Rapid Activation of the Cardiac Ryanodine Receptor by Submillisecond Calcium Stimuli

A. Zahradníkováa, I. Zahradníka, I. Györkeb, and S. Györkeb

a From the Institute of Molecular Physiology and Genetics, Slovak Academy of Sciences, Bratislava, Slovak Republic 83334
b Department of Physiology, Texas Tech University Health Sciences Center, Lubbock, Texas 79430
Department of Physiology, Texas Tech University Health Sciences Center, Lubbock, TX 79430.806-743-1512

physg{at}ttuhsc.edu

The local control concept of excitation–contraction coupling in the heart postulates that the activity of the sarcoplasmic reticulum ryanodine receptor channels (RyR) is controlled by Ca2+ entry through adjoining sarcolemmal single dihydropyridine receptor channels (DHPRs). One unverified premise of this hypothesis is that the RyR must be fast enough to track the brief (<0.5 ms) Ca2+ elevations accompanying single DHPR channel openings. To define the kinetic limits of effective trigger Ca2+ signals, we recorded activity of single cardiac RyRs in lipid bilayers during rapid and transient increases in Ca2+ generated by flash photolysis of DM-nitrophen. Application of such Ca2+ spikes (amplitude ~10–30 µM, duration ~0.1–0.4 ms) resulted in activation of the RyRs with a probability that increased steeply (apparent Hill slope ~2.5) with spike amplitude. The time constants of RyR activation were 0.07–0.27 ms, decreasing with spike amplitude. To fit the rising portion of the open probability, a single exponential function had to be raised to a power n ~ 3. We show that these data could be adequately described with a gating scheme incorporating four sequential Ca2+-sensitive closed states between the resting and the first open states.
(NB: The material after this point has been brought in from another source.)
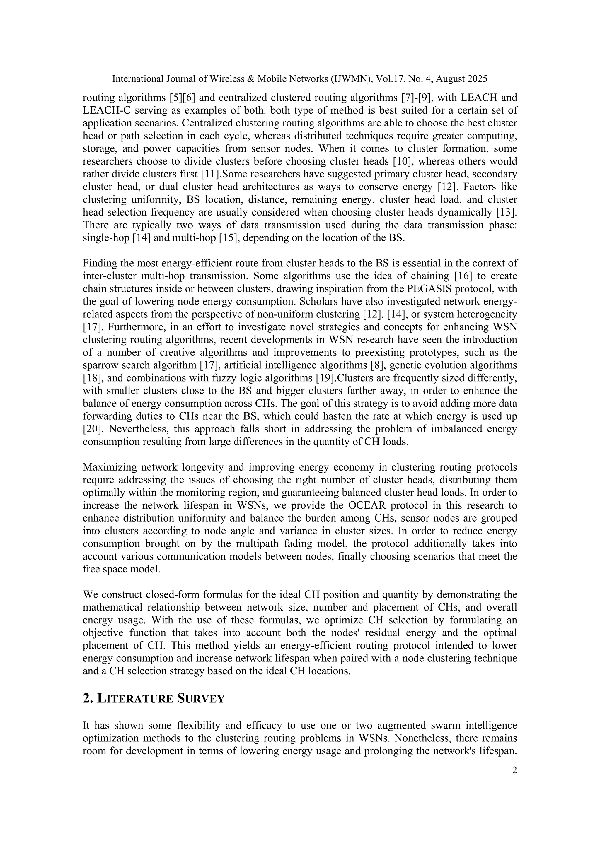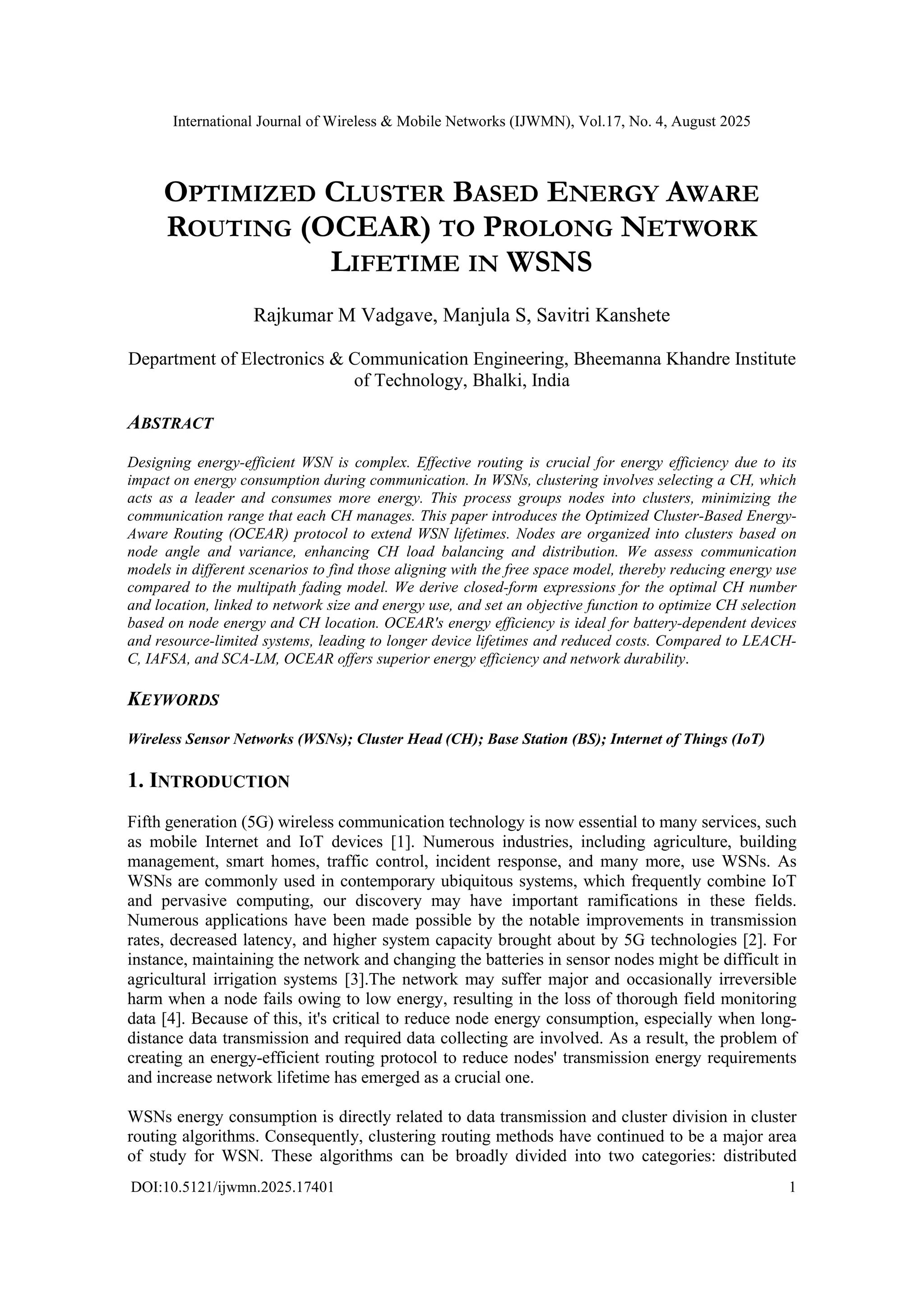 Designing energy-ef icient WSN is complex. Ef ective routing is crucial for energy ef iciency due to its impact on energy consumption during communication. In WSNs, clustering involves selecting a CH, whichacts as a leader and consumes more energy. This process groups nodes into clusters, minimizing thecommunication range that each CH manages. This paper introduces the Optimized Cluster-Based Energy- Aware Routing (OCEAR) protocol to extend WSN lifetimes. Nodes are organized into clusters based onnode angle and variance, enhancing CH load balancing and distribution. We assess communicationmodels in dif erent scenarios to find those aligning with the free space model, thereby reducing energy usecompared to the multipath fading model. We derive closed-form expressions for the optimal CHnumber and location, linked to network size and energy use, and set an objective function to optimize CHselectionbased on node energy and CH location. OCEAR's energy ef iciency is ideal for battery-dependent devices and resource-limited systems, leading to longer device lifetimes and reduced costs. Compared to LEACH- C, IAFSA, and SCA-LM, OCEAR of ers superior energy ef iciency and network durability.

These results provide evidence that brief Ca2+ triggers are adequate to activate the RyR, and support the possibility that RyR channels are governed by single DHPR openings. They also provide evidence for the assumption that RyR activation requires binding of multiple Ca2+ ions in accordance with the tetrameric organization of the channel protein.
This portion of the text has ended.